Has Google left China? No. Google has left mainland China and moved its search engine operations to Hong Kong. What exactly will Google do? We will have to wait and see.
China’s government, which does not wish to see Sino-American relations continue down their present path, has emphasized that Google’s departure is purely a commercial matter, and that it should not be politicized. At the same time, however, many state media have gone on a political crusade, criticizing Google and defending Internet controls in China.
Information search technology is the pillar of Internet technology, upsetting the traditional relationship between the broadcaster and the receiver and creating a world in which users themselves are free to search, organize and derive information.
Google is cutting edge, one of the world’s most non-conformist companies. Google is not just a search engine but a new form of media, setting new standards. What Google wished to accomplish in Beijing was the creation of a media free of censorship, allowing mainland Chinese to access information freely.
Not long ago, the Washington Post ran a story by correspondent John Pomfret called, “In China, Google users worry they may lose an engine of progress.” One source interviewed for the story, an academic, said: “If Google is blocked, we will see nothing but darkness.”
The Washington Post story set off a firestorm of speculation in the media. Would China descend into darkness without Google? In my view, this is a pseudo question. The question of whether China grows dark or not does not hinge on any one factor. Google’s exit from mainland China is a certainly a loss for the people of China. But there are thousands of journalists in China fighting every day for freedom. They will continue to work, inching ahead, regardless of whether or not topics like June Fourth or Liu Xiaobo can be discussed. This is why the flame of professional media in China burns on, and why we see sparks like investigative reporter Wang Keqin’s expose last week on faulty vaccines in Shanxi. Light and dark dance around each other every day in China.
Google is keeping the future and its long term goals in sight. It wishes to be a thoroughly free and uncontrolled media, something that cannot exist in today’s China. Given the facts as they are known at present, I still cannot entirely understand Google’s true reasons for quitting mainland China. But I feel quite strongly that Google’s decision to shift to Hong Kong and develop Google.com.hk is a stroke of good news amid the bad.
Google has not exited China. It has sought shelter in the Hong Kong Special Administrative Region of the People’s Republic of China and the policy of “one country, two systems.” The SAR government stated at the earliest possible moment that it would not censor content at the site and would respect information freedom.

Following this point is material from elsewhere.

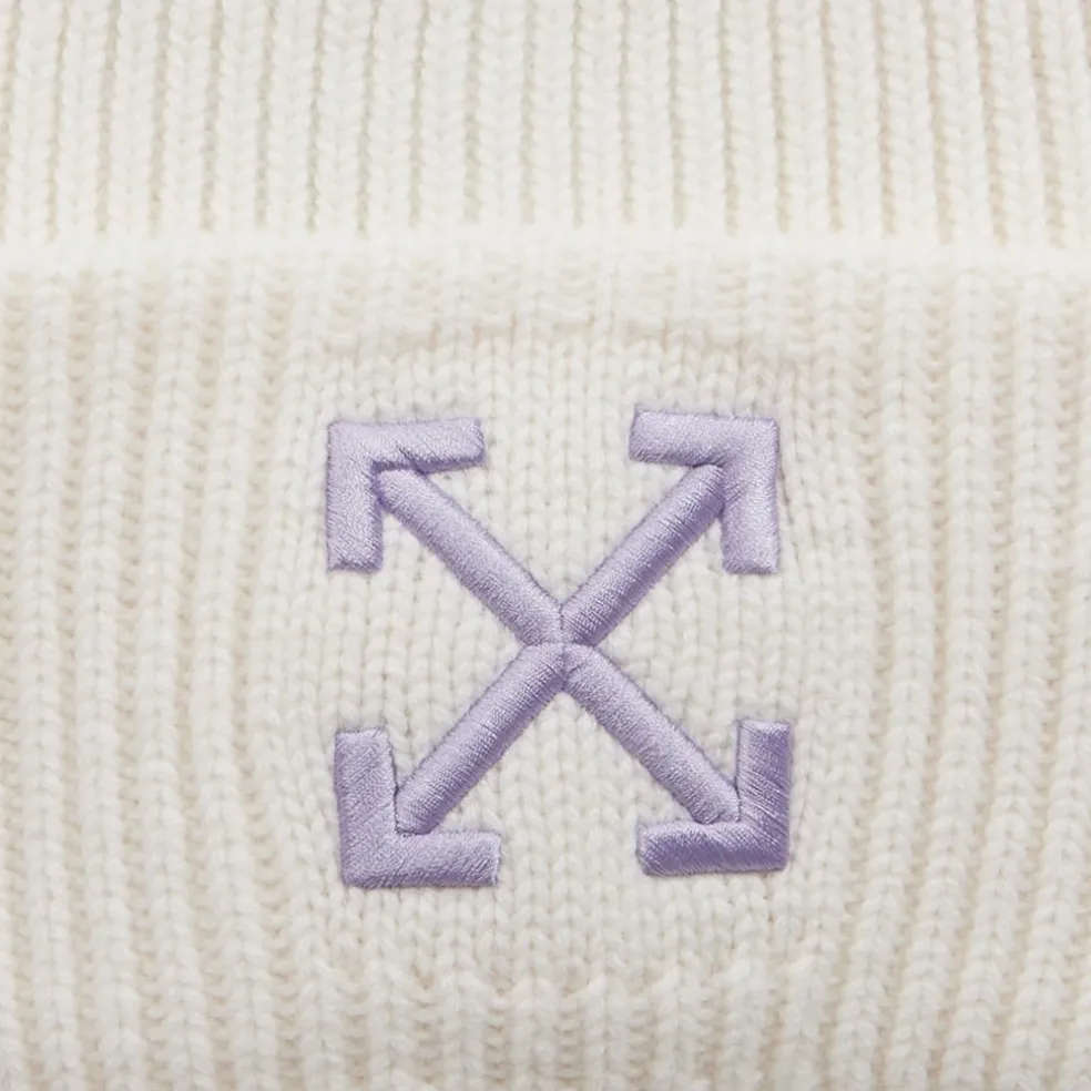The Off-White beanie is a stylish knit accessory featuring a ribbed pattern. This hat is adorned with embroidered details, adding a touch of sophistication to its design. Perfect for those seeking a blend of fashion and function, this beanie offers both warmth and a contemporary look.

In this special place, somewhat paradoxically called “the domestic outside” (国内境外), Google can continue to provide their services to Chinese — including search services that will be limited for mainland users by censorship actions within China, but which cannot be entirely controlled.
“One country, two systems” is not an expedient policy, but rather a long-term state policy arranged by Deng Xiaoping himself. The “one country, two systems” policy shows great political wisdom, leaping out of the life and death ideological struggle between socialism and capitalism and the rigid thought so pervasive in Chinese politics. In spirit it was not unlike Khrushchev’s 1959 doctrine of “peaceful coexistence, peaceful transition and peaceful competition,” which allowed for the coexistence, comparison, competition and integration of differing systems.
Looking back now, the richness and imaginative possibility of the policy surpasses the original intentions of its framer.
As China moves into the future, Hong Kong will have important contributions to make to the nation’s development, not just economically, but socially and politically as well. Hong Kong is an incubator for democracy, freedom of expression and civil society in China. Everyone on the mainland with an active interest in China’s future and progress of China is watching Hong Kong’s development closely.
Freedom of expression must be fiercely protected in Hong Kong, and we must not grow complacent. Some are concerned that freedoms here are suffering. But there is another important aspect to this issue — do local Hong Kong media make sufficient use of the freedom they have? Do they work tirelessly to raise standards of media professionalism, serving as a model for mainland journalists in the two crucial areas of “freedom and responsibility”? As Internet technologies progress with each passing day, has Hong Kong stayed on top of the trends, accelerating the development of new media in the territory?
Hong Kong’s future is closely tied to the future of mainland China. I feel regret at Google’s departure from mainland China, but I do not feel sadness or despair.
The goal Chinese media are fighting for on a daily basis is not the ultimate goal Google was angling for. Chinese media are fighting a constant struggle for the right to expose, for example, the full facts in the Shanxi vaccine scandal. They are fighting for the right to criticize Hubei governor Li Hongzhong. Their reports are constantly censored, “harmonized” (prevented from being posted online) or subjected to “404 errors” (their articles deleted across the Web). In extreme cases, media may be purged or suspended. But they do not turn back. They gain modest victories again and again. And many small victories can add up to tremendous progress.
Hong Kong’s Google is still China’s Google. Words like “June Fourth” and “Liu Xiaobo” are sensitive words that must be filtered out inside China’s firewall today. But I would ask, what will the situation be in three years? Or in five years, or ten years? I don’t believe that China’s Great Firewall will stand unshaken in ten years time.
And perhaps history will change must faster than we anticipate, and we will not have to wait 10 years for Google’s return to mainland China.